Taking only the lines of the data below from the line with "Докладные записки на" to the line with "8月13日讯 新赛季沙特联将", ends included, write them out exactly and without pictures.

* [Information shown]:

○ ○ ○ ○

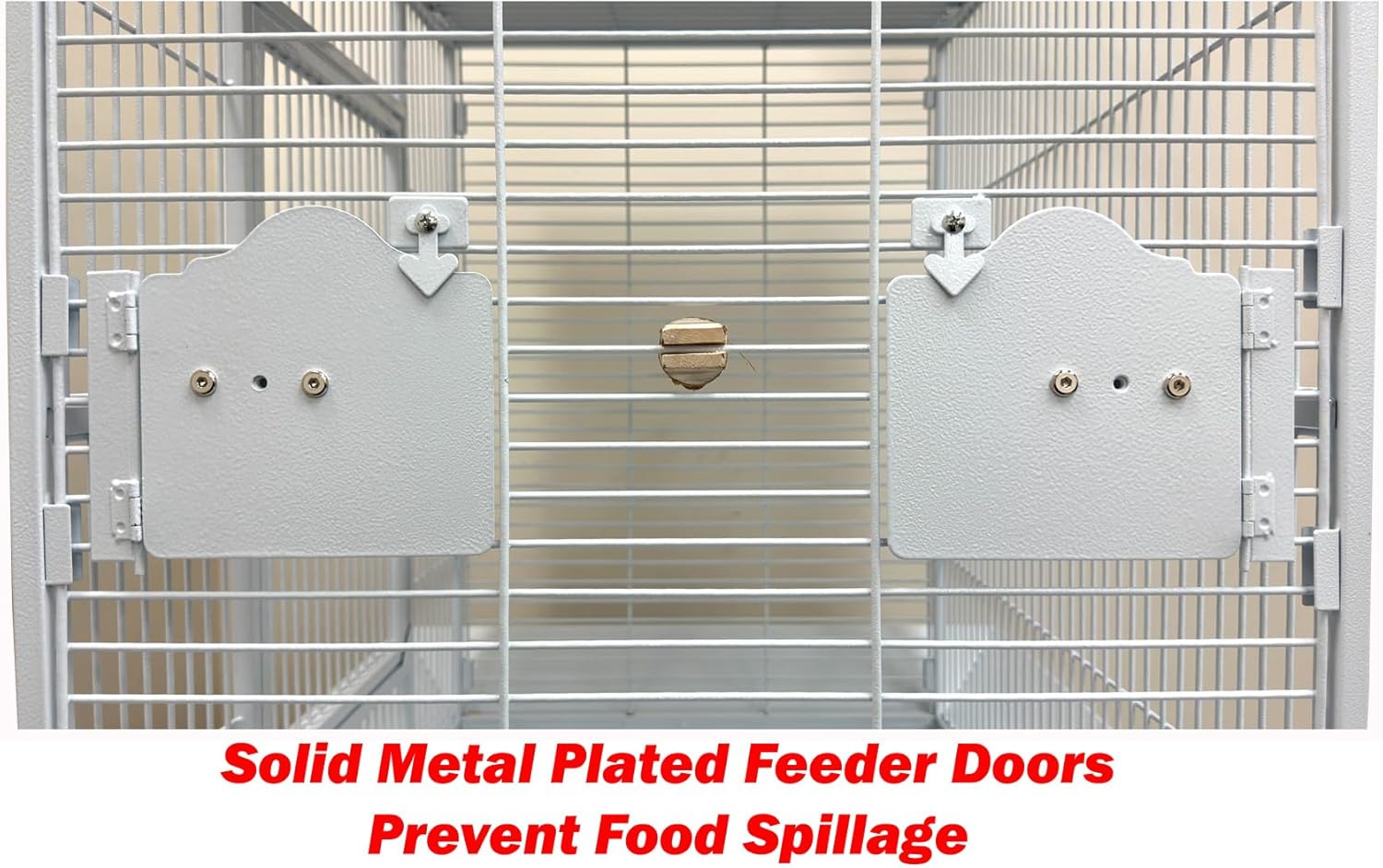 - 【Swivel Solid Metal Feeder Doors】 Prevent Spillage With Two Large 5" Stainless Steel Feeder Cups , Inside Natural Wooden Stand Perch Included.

○ ○ ○ ○

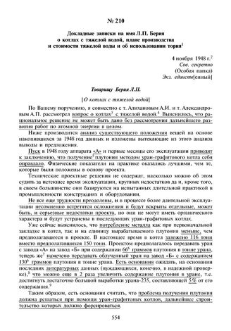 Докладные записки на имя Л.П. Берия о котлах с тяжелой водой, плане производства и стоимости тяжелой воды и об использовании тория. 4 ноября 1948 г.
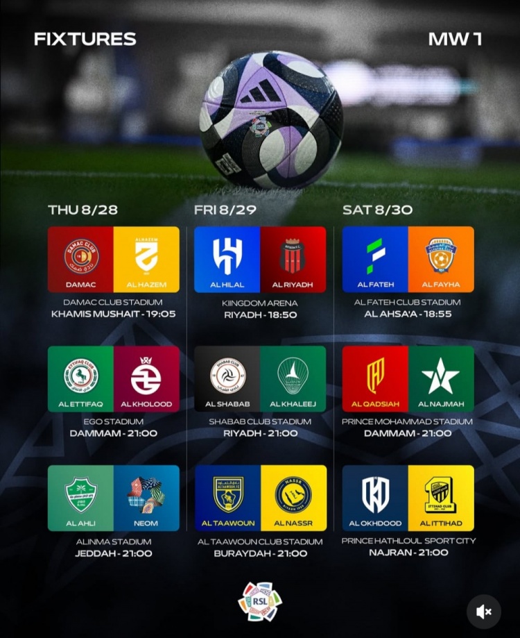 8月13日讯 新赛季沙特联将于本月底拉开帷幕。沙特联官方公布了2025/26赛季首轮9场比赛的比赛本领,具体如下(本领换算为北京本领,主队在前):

○ ○ ○ ○

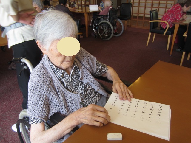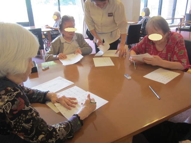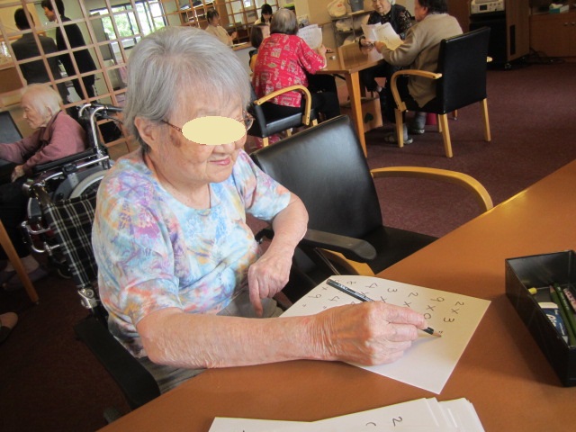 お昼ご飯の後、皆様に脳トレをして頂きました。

○ ○ ○ ○

* [Expected answer]:
 Докладные записки на имя Л.П. Берия о котлах с тяжелой водой, плане производства и стоимости тяжелой воды и об использовании тория. 4 ноября 1948 г.
 8月13日讯 新赛季沙特联将于本月底拉开帷幕。沙特联官方公布了2025/26赛季首轮9场比赛的比赛本领,具体如下(本领换算为北京本领,主队在前):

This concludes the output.